3.2 Case study: preparing data for disease trajectory analysis
LUKB streamlines the process of preparing local UK Biobank data and requires three key inputs for data preparation: the downloaded UK Biobank encrypted data file (.enc), its corresponding decryption key (.key) and the MD5 string for the encrypted file. This case study demonstrates how LUKB handles data preparation for disease trajectory analysis, which involves information about sex, age, ethnics, body mass index (BMI), ICD-10 diagnoses, and corresponding diagnosing time (Field ID: 31, 21022, 21000, 21001, 41270, and 41280) of each participant. The main steps are outlined below (Fig. 2), with additional details available in the Supplementary Data.
3.2.1 Import UK Biobank data into LUKB
To begin the data preparation process, users upload the downloaded encrypted UK Biobank data file (.enc), the corresponding key file (.key), and the MD5 string to LUKB after logging in in the “Add Dataset” tab. Once the upload is complete, the data preparation task can be initiated by clicking “Start preparing your data,” with task status tracked via the log file.
3.2.2 Extract raw spreadsheet data
After the data are successfully imported, researchers can extract specific fields for further analysis. In this case, we selected and provided fields for sex, age, BMI, ICD-10 diagnosis, and diagnosis dates. After previewing the data to confirm correctness, the extraction process was started by clicking the “Extract data!”. The extraction task status is updated every 5 s, and once completed, the extracted data are available for download or further processing via the “Download” button.

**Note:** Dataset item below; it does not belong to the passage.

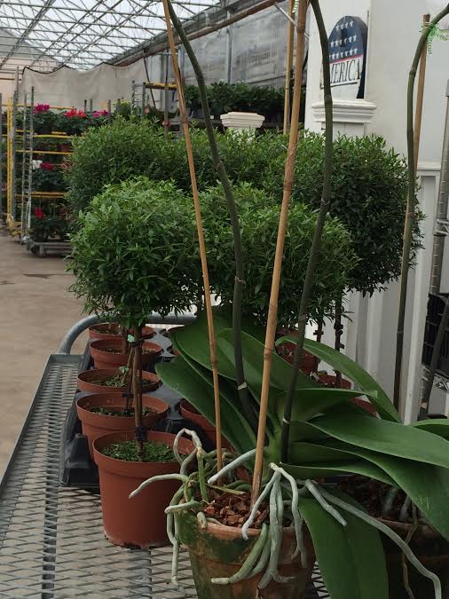 So I am very very happy that I too have my own little brigade of myrtle topiaries, and as luck would have it I also scored some gorgeous orchids and one of my favorite fall plants, white azalea topiaries!
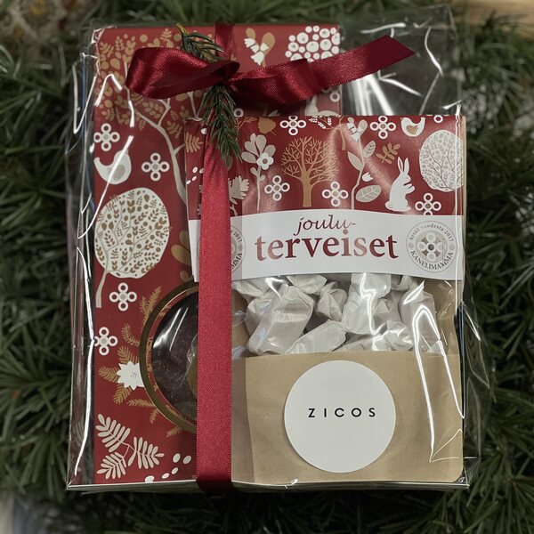 Kauniissa sellofaaniin käärityssä lahjapakkauksessa on Kanelimamman hedelmämarmeladit sekä suussa sulavaa voitoffeeta. Molemmat ovat jo itsessään kauniissa paketeissa.

3.2.3 Map data for disease trajectory analysis
The extracted UK Biobank often contains coded files that are not immediately interpretable. The “Data Mapping” component decodes these fields, converting them into meaningful real-world labels. After selecting the extracted data file to map, the mapping process is initiated by clicking “data map” button. The mapped file can be previewed in the right panel. After mapping, the data for disease trajectory were ready.
3.2.4 Explore data characteristics
Before proceeding with the analysis, researchers can explore key characteristics of the data to ensure data integrity and avoid potential biases. For example, using LUKB, researchers can examine BMI distributions across different demographic groups, such as comparing BMI ≥25 between males and females. This step ensures that the data are well-prepared for unbiased downstream analysis.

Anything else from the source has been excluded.